The official England account dropped a simple “Checking in 📍” post late on June 10, and the photo that came with it said everything. On the pitch at Inter&Co Stadium in Orlando, Declan Rice and Anthony Gordon stood face to face, hands in their pockets, grinning like two players who knew they had just delivered.
The Florida sun was still doing its thing. Fans packed the stands, phones held high, catching every second. A massive ENGLAND banner stretched across the background. Rice, the vice-captain and midfield engine, had opened the scoring earlier that evening. Gordon had assisted the first and then tucked away a penalty for the second in a 3-0 win over Costa Rica.
You could almost hear the laughter carry across the grass.
The moment that matters
This wasn’t a staged team photo. It was two players who had just shared a shift, still buzzing from it, caught in an unguarded second. Rice has become the steady heartbeat of this squad. Gordon has turned into one of Thomas Tuchel’s most reliable attacking threats since linking up with the group in Florida.
Their body language told a bigger story than any press conference could.

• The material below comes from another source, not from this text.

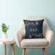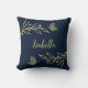 Unique simple throw pillow featuring romantic and elegant gold flowers on navy background
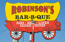 The College Cleaners sign appeared to be from the 1950s. It was removed in 2022. Robinson's Bar-B-Que opened in 1985. I don't know if this sign was built then or adapted from another business. The sign originally had neon. [map] |

Shoulders relaxed. Eyes locked. Pure enjoyment. In a World Cup camp, those small connections become the glue when the real pressure arrives.
What we know right now
England wrapped their final Florida friendly with a clean sheet and three goals. Rice struck first after good work from Gordon. The forward then converted from the spot following a Jude Bellingham run. Ollie Watkins nodded in the third.
The squad now shifts to its permanent base in Kansas City on June 13. The real business starts four days later.
England opens Group L against Croatia on June 17 in Dallas. Then comes Ghana in Boston on June 23 and Panama in the New York/New Jersey area on June 27.
Tuchel has blended proven leaders with hungry younger players. The 3-0 result against Costa Rica, delayed an hour by thunderstorms, gave everyone a timely confidence boost without anyone getting carried away.
Why this photo hits different
World Cup camps can feel clinical. Schedules are tight. Media demands are constant. Moments like this one cut through all of that. Rice and Gordon weren’t performing for the cameras. They were just two teammates enjoying the work they had put in.
That kind of chemistry doesn’t show up in xG models or passing networks, but it shows up when games get tight in the knockout stages. England has talent across the pitch. The question has always been whether the group can stay connected when things get hard. Photos like this suggest the answer is yes so far.
The fans in the stands felt it too. You could see them leaning in, capturing the same easy energy the players were giving off. This is the version of England people want to see — confident, connected, and actually enjoying the ride.
What comes next
The move to Kansas City will bring a different rhythm. Training sessions will sharpen. Tactics will get more specific. The 48-team tournament format means every group game carries weight, but the margin for error stays thin.
For now, though, the Three Lions are still in that sweet spot between preparation and performance. The smiles are real. The work is done. And the countdown to June 17 just got a little more exciting.
England checked in. The rest of the world is watching.